Отчим быстро набрался до койки. Ушел со словами «двадцать лет, двадцать лет жизни, перечеркнуто синей, белой, черной полосой…»
Ее дядя ему помогал. Потом сам где-то там же завалился.
Я спросил Аню, о чем это он так стонет.
– Мы уезжаем, – спокойно сказала она, убирая со стола.
Я молча кивнул. Хотел сказать, что это я уже понял, но голос подвел. Проглотил сухой ком. Набрался сил и спросил:
– А как же институт?
Нелепый вопрос – тут же подумал, как это все нелепо!
– Переведусь. В Питере достаточно институтов, – уверенно ответила она, не гладя, унося от меня тарелку, к которой я не притронулся.
– Все бегут, – зачем-то сказал я, хотел, наверное, уколоть.
– Может, и бегут, а мы – уезжаем, к родственникам. Нас ждут, – твердо сказала она.
И вот я стою на платформе, уминая в кармане растущий ком оберточный бумаги, а мои розы уносит поезд. Торопливо убегает в перечеркиваемое косым снегом пространство. Совершенно бесшумно. Вскоре его нет. Есть только снег.
Тут же на соседний путь подошел другой…
Ребячески подождал, не случится ли маленькое чудо: из него выйдет она и скажет, что разыграла.
Пассажиры разбрелись. Чуда не произошло.
Пошел. Все равно куда.
Была толчея, как это часто на Балтийском. Цыгане предлагали что-то купить, что-то в целлофановых пакетах, быстро показывали, трясли, убирали, оглядывались, исчезали. В киосках сидели хитрые глазки. У телефонных аппаратов стояли; у троллейбусов сутолока, словно эвакуация. У игральных автоматов курили.
В подземном переходе было много идущих навстречу людей, которые прибавляли в шаге, когда прибавлял я. Помаргивала какая-то лампа. Тихонько играла гитара.
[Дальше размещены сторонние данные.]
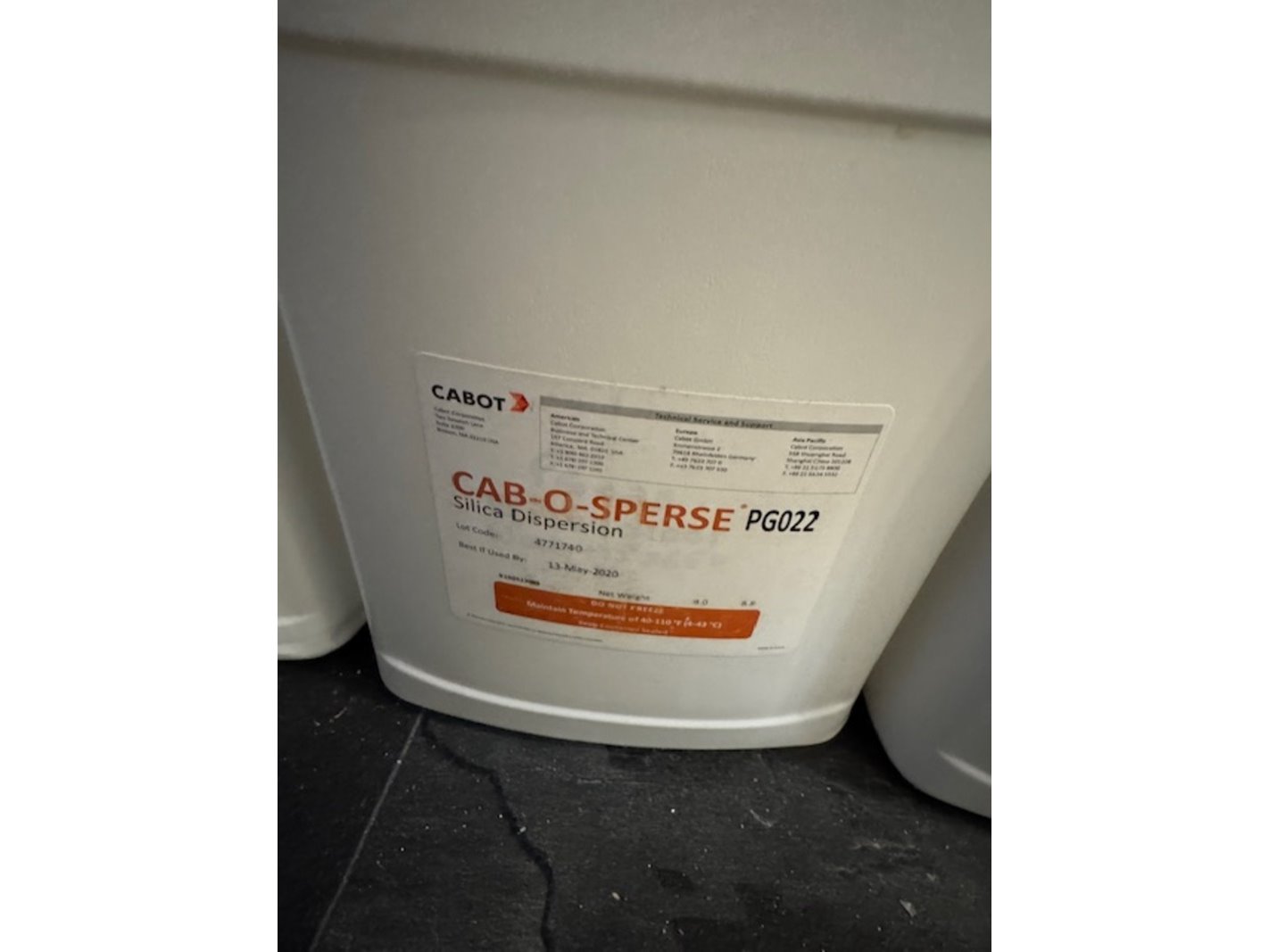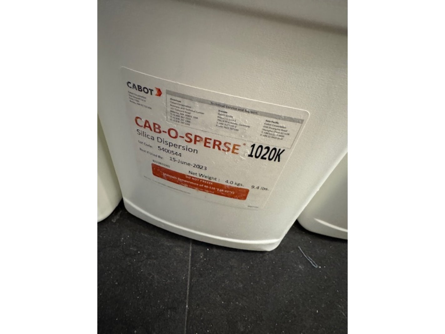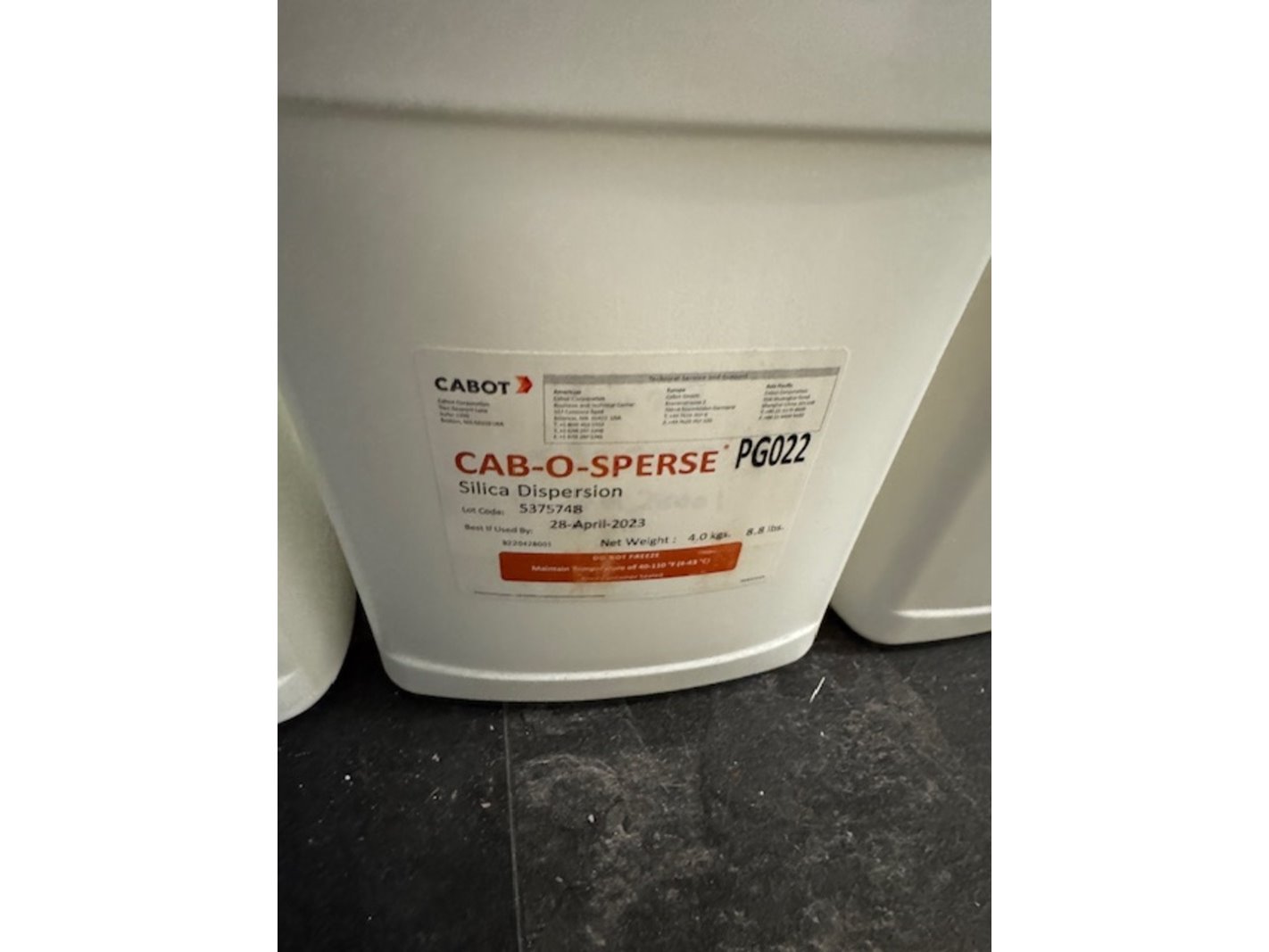 Merk: Cabot Product: silica dispersion Afmeting: 4kg Specificaties: best used by june 2023

В этом коротком туннеле я так много и так стремительно передумал всего, что наружу вышел совершенно другим человеком. Или чуть иначе: вышел в уже совершенно другой мир. Мир-без-тебя. Без любви. Без всего того прошлого, которое так долго делилось надвое. Без надежды на что-то.
Нет, некоторое время я по инерции продолжал вести диалоги с твоим призраком, представлять себе, что ты могла бы сказать на то или это… Ждал писем. Напрасно. Собирался съездить в Питер, разобраться. Думал, немедленно подам на российское подданство, немедленно переведусь тоже, заживем. Пусть в грязной общаге, но вдвоем, как когда-то на дачке.
Но этого не случилось.
Я никуда не пошел.
Стрельнул, обкурился, расплакался, уткнувшись в подушку.
Вот и все.
Во мне что-то сломалось.
* * *
О нашем ребенке я узнал совершенно случайно, полгода спустя, от какой-то ее подруги, с которой Аня случайно оказалась в одном больничном отделении.
Теперь эта девушка здорова и розовощека, она бойко торгует на рынке.
Я там примерял брюки, за ширмой, и она мне, как бы между делом, толковала нечто о демографии и вырождении русской нации.
Черт побери! Я узнал о гибели нашего ребенка иносказательно, от торговки на рынке, сквозь занавеску, примеряя брюки! Я об этом узнал, когда рядом уже никого не было, на кого можно было бы накричать!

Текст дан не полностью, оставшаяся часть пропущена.